Consumers Union, Yonkers, N.Y., reached a new collective bargaining agreement with the Newspaper Guild of New York to create an “adjustable pension plan” that will replace the standard defined benefit plan for guild members, confirmed Bill O'Meara, president of the guild.
Under the new pension plan, the employer will contribute a fixed 6% of salaries plus $100,000 each year to the plan. The retirement benefit will then be calculated each year on an adjusted basis depending on the plan's performance in the prior year. The company would then have no further financial commitment or unfunded liabilities to the plan.
“It will vastly reduce risk and volatility for the company and still provide a lifetime payment and PBGC insurance,” Mr. O'Meara said in a telephone interview.
Consumers Union, the parent of Consumer Reports magazine, becomes the second company to adopt the adjustable pension plan. The New York Times was the first company to do so in November, also for its members of the Newspaper Guild of New York in its $280 million plan. Both plans still need IRS approval on the new structures.

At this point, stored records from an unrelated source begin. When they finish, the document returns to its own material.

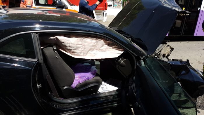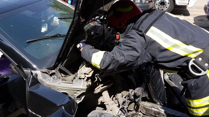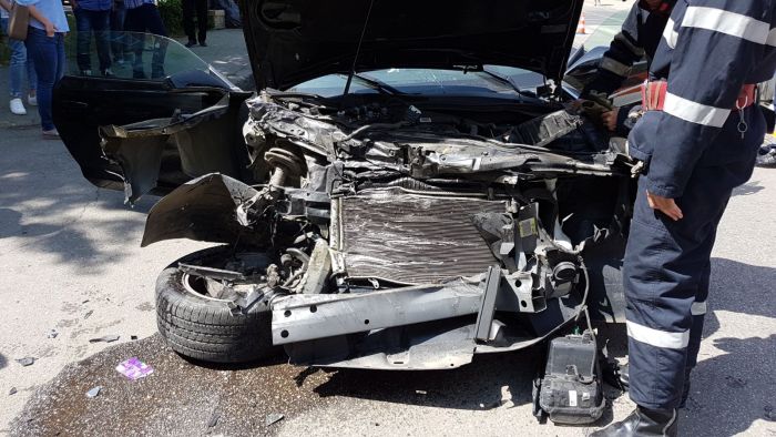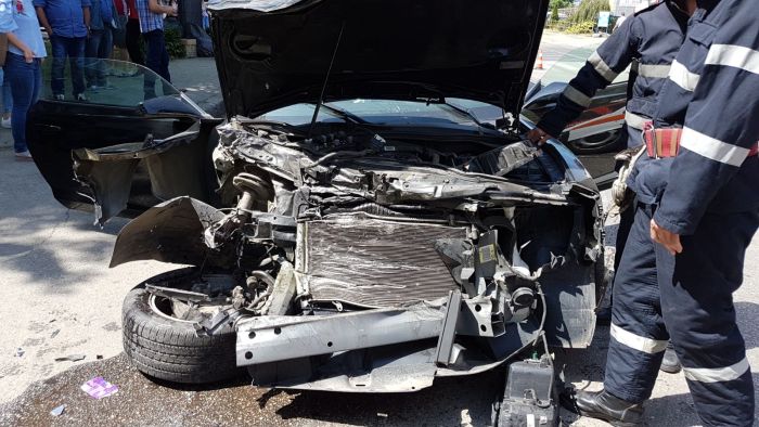 Nu e foarte clar cine a fortat culoarea rosie a semaforului, insa cert e ca masina a fost grav avariata, iar garnitura, o Armonie, a suferit doar ‘leziuni’ usoare.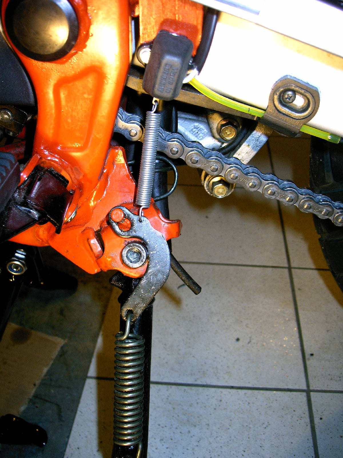 So ist es z.B. bei der kleinen 250er Domi gelöst. Die hat keinen Seitenständerschalter und keine Zündunterbrechung, die mit dem Seitenständer gekoppelt ist. Aber sobald man das Motorrad gerade stellt, klappt der entlastete Seitenständer von selbst hoch.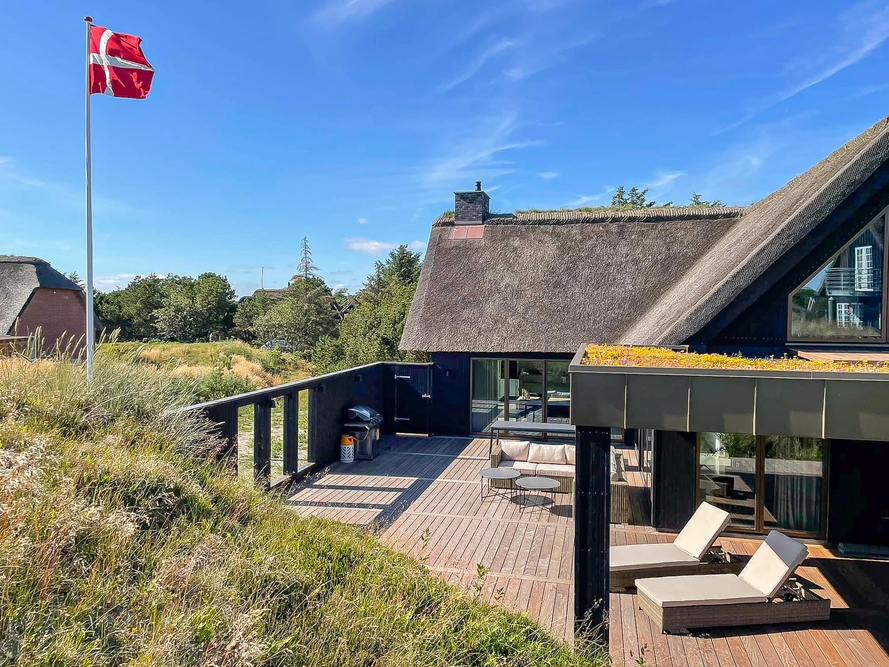 Trænger I til ferie i et topmoderne, nordisk inspireret sommerhus med stråtag, der er bygget i 2022, og som ligger i et roligt og naturskønt område ved Fanø Bad? Så er dette feriehus lige det rette for jer. Feriehuset på Skovsletten 6 har en fantastisk beliggenhed tæt på skovområde og kun 500 meter til strand og golfbane. Her får I altså ægte feriestemning med plads til 7 personer ? og jeres hund er her også velkommen.

“We're hoping that this becomes a national model for others to adopt,” Mr. O'Meara said. “There is some upside potential and very little downside for employees.”
The adjustable pension plan was developed by guild actuaries at Cheiron.
The existing pension plan will be frozen on May 31, and contributions to the adjustable plan will start June 1. The pension plan had about $42 million in assets as of Dec. 31, 2011, according to the company's most recent Form 5500 filing.